Task instructions: Transcribe the whole listing exactly; the images stay out.

Data section:
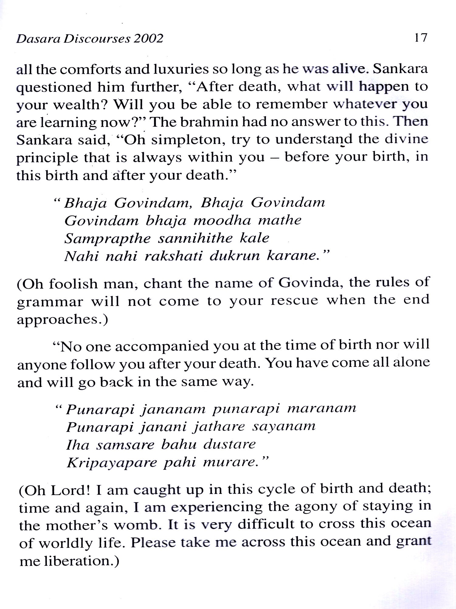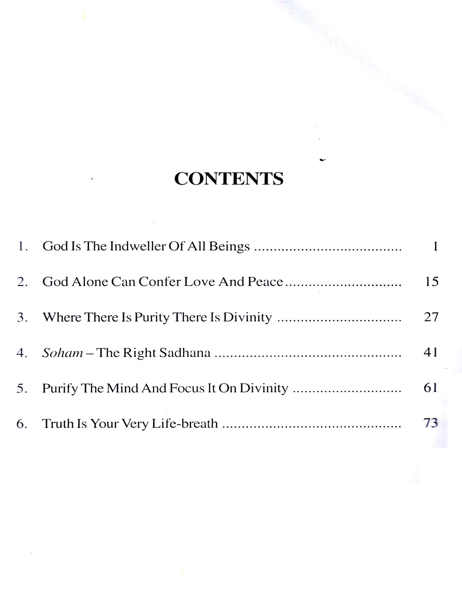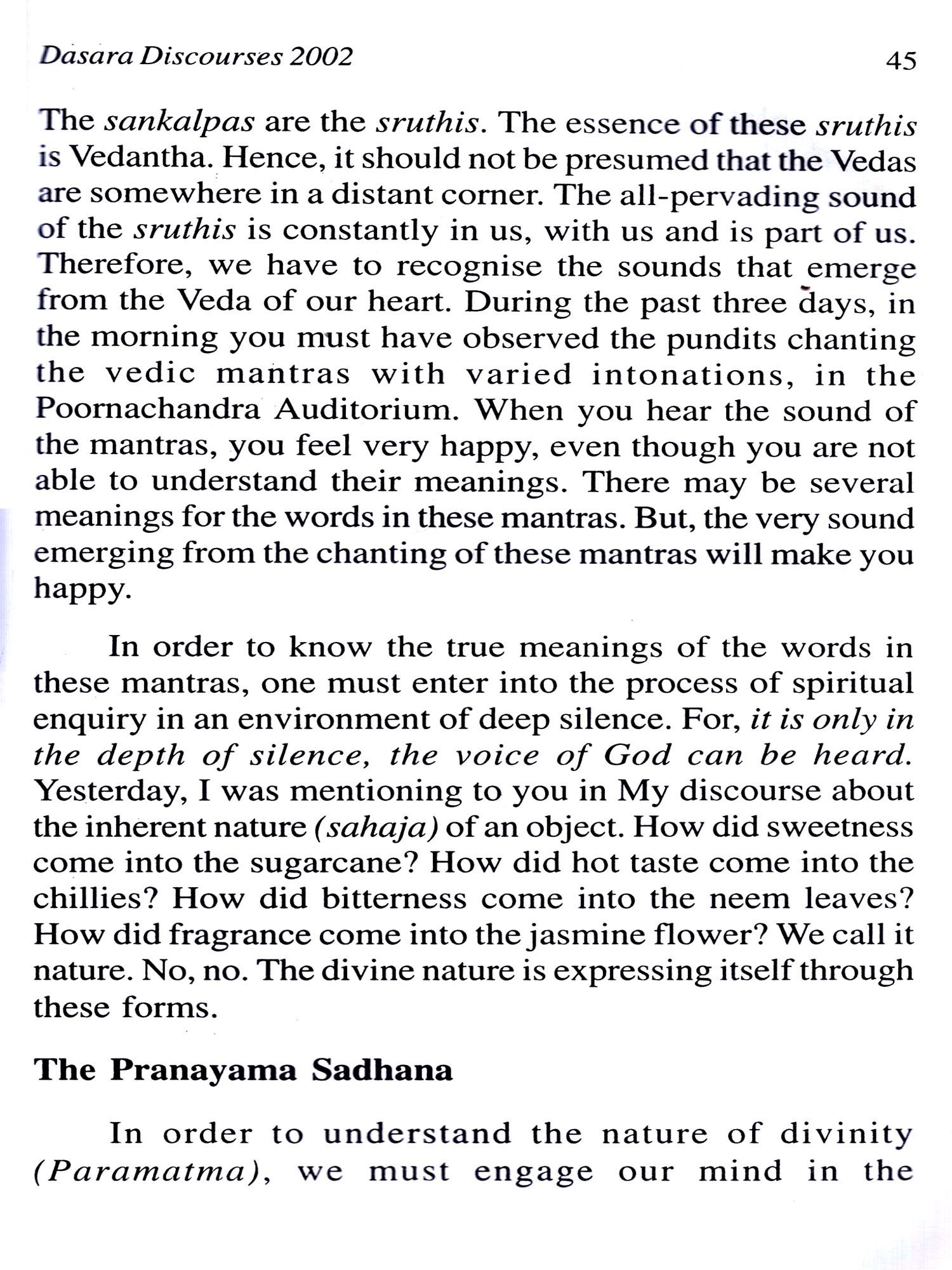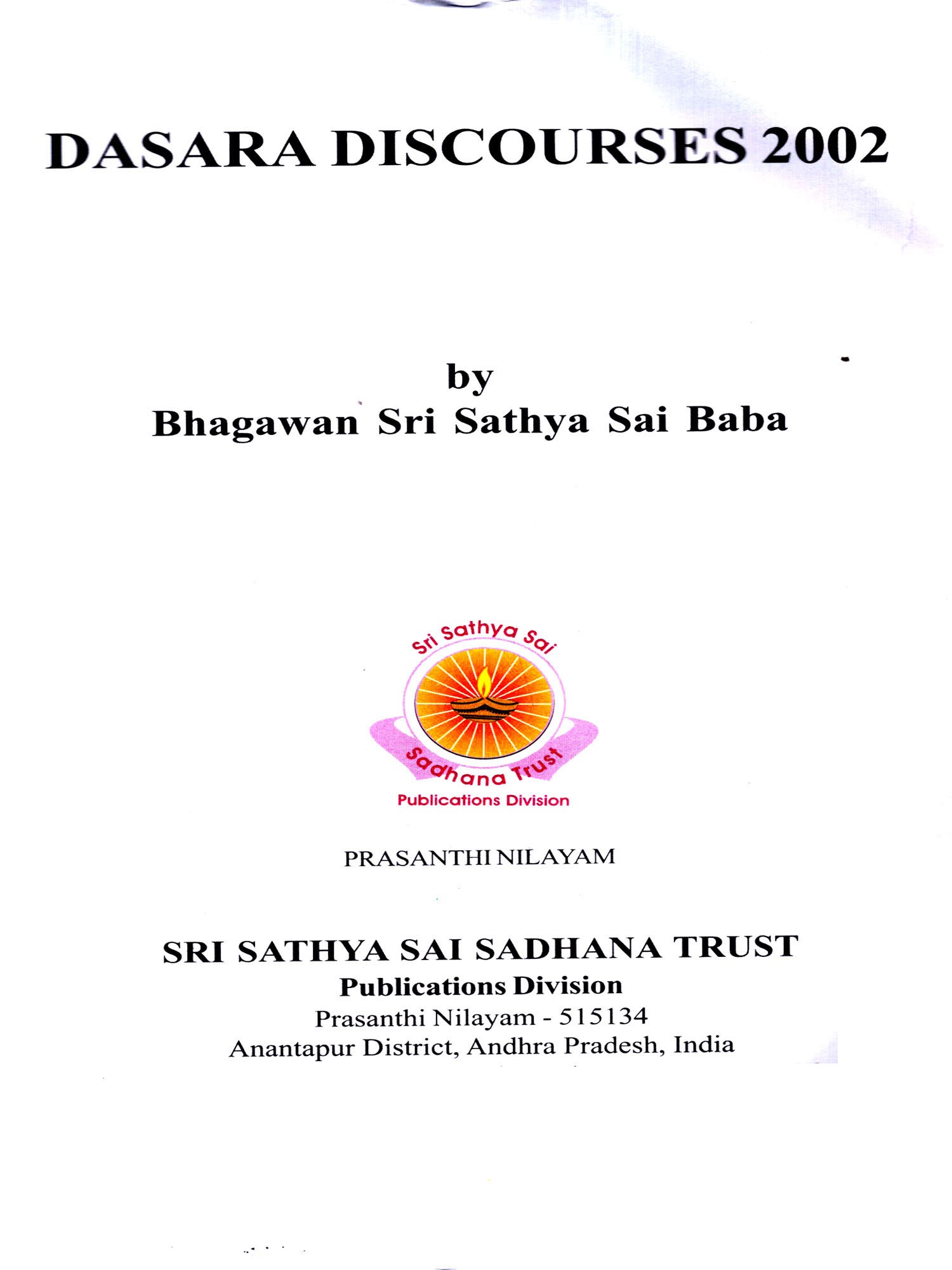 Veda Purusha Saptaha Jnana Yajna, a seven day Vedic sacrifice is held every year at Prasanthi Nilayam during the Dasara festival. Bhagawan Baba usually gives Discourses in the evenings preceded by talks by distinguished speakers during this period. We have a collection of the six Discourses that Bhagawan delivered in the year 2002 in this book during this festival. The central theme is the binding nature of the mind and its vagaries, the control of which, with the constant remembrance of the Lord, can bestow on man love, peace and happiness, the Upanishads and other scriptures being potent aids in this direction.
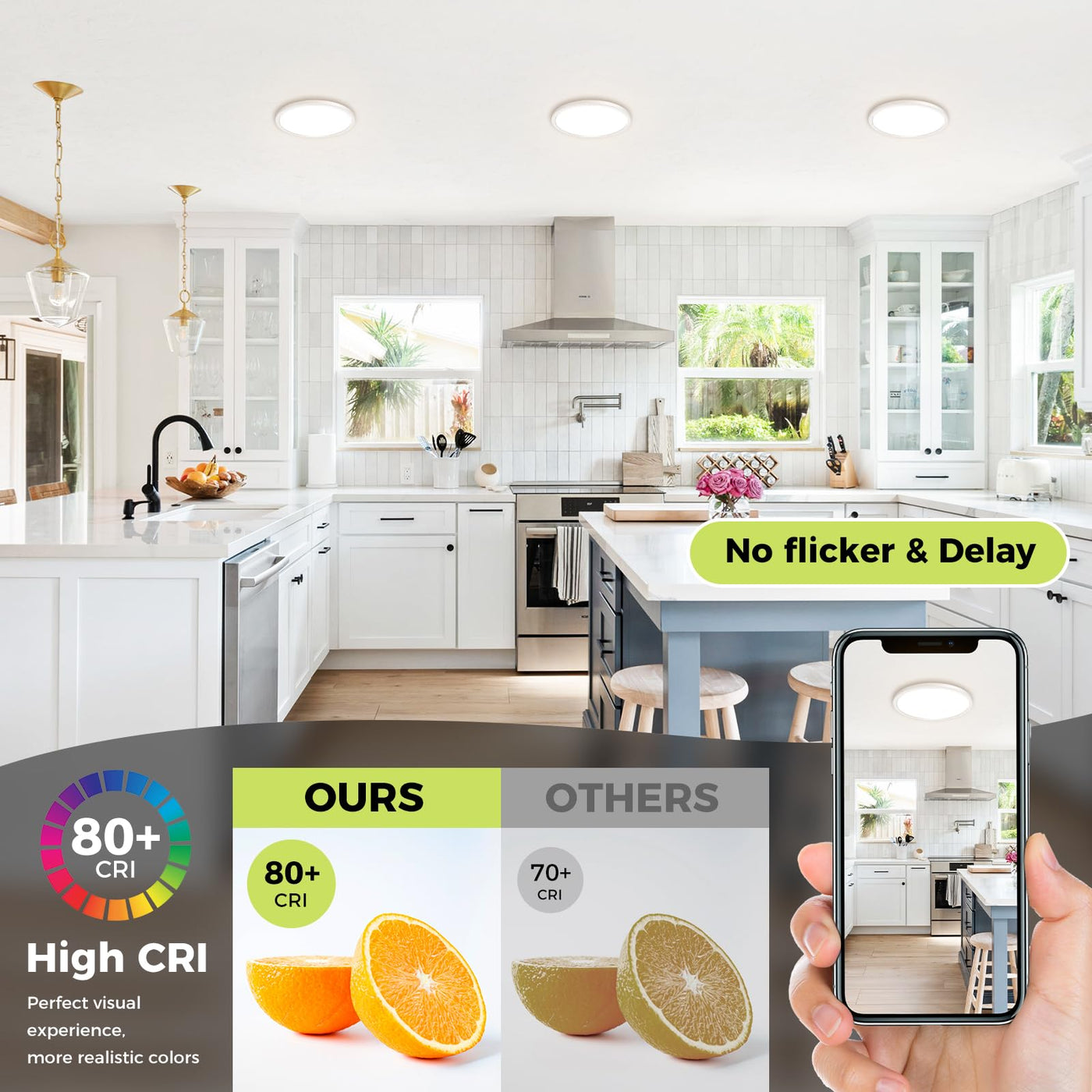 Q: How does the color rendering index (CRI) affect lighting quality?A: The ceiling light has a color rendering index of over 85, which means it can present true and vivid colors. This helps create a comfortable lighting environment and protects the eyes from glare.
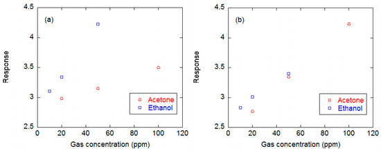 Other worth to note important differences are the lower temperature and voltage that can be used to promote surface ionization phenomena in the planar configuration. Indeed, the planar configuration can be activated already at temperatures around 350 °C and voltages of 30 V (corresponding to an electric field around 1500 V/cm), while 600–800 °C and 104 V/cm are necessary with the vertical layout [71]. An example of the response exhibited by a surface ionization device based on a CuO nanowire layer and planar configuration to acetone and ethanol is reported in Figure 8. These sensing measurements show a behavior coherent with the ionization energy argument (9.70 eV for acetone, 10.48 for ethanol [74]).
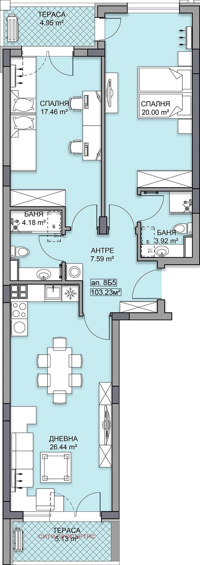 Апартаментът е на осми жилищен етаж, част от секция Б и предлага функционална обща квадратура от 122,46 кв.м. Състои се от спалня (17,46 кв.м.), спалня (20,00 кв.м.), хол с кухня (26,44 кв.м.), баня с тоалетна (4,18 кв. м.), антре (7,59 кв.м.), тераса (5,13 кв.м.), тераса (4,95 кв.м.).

Exercise answer:
 Veda Purusha Saptaha Jnana Yajna, a seven day Vedic sacrifice is held every year at Prasanthi Nilayam during the Dasara festival. Bhagawan Baba usually gives Discourses in the evenings preceded by talks by distinguished speakers during this period. We have a collection of the six Discourses that Bhagawan delivered in the year 2002 in this book during this festival. The central theme is the binding nature of the mind and its vagaries, the control of which, with the constant remembrance of the Lord, can bestow on man love, peace and happiness, the Upanishads and other scriptures being potent aids in this direction.
 Q: How does the color rendering index (CRI) affect lighting quality?A: The ceiling light has a color rendering index of over 85, which means it can present true and vivid colors. This helps create a comfortable lighting environment and protects the eyes from glare.
 Other worth to note important differences are the lower temperature and voltage that can be used to promote surface ionization phenomena in the planar configuration. Indeed, the planar configuration can be activated already at temperatures around 350 °C and voltages of 30 V (corresponding to an electric field around 1500 V/cm), while 600–800 °C and 104 V/cm are necessary with the vertical layout [71]. An example of the response exhibited by a surface ionization device based on a CuO nanowire layer and planar configuration to acetone and ethanol is reported in Figure 8. These sensing measurements show a behavior coherent with the ionization energy argument (9.70 eV for acetone, 10.48 for ethanol [74]).
 Апартаментът е на осми жилищен етаж, част от секция Б и предлага функционална обща квадратура от 122,46 кв.м. Състои се от спалня (17,46 кв.м.), спалня (20,00 кв.м.), хол с кухня (26,44 кв.м.), баня с тоалетна (4,18 кв. м.), антре (7,59 кв.м.), тераса (5,13 кв.м.), тераса (4,95 кв.м.).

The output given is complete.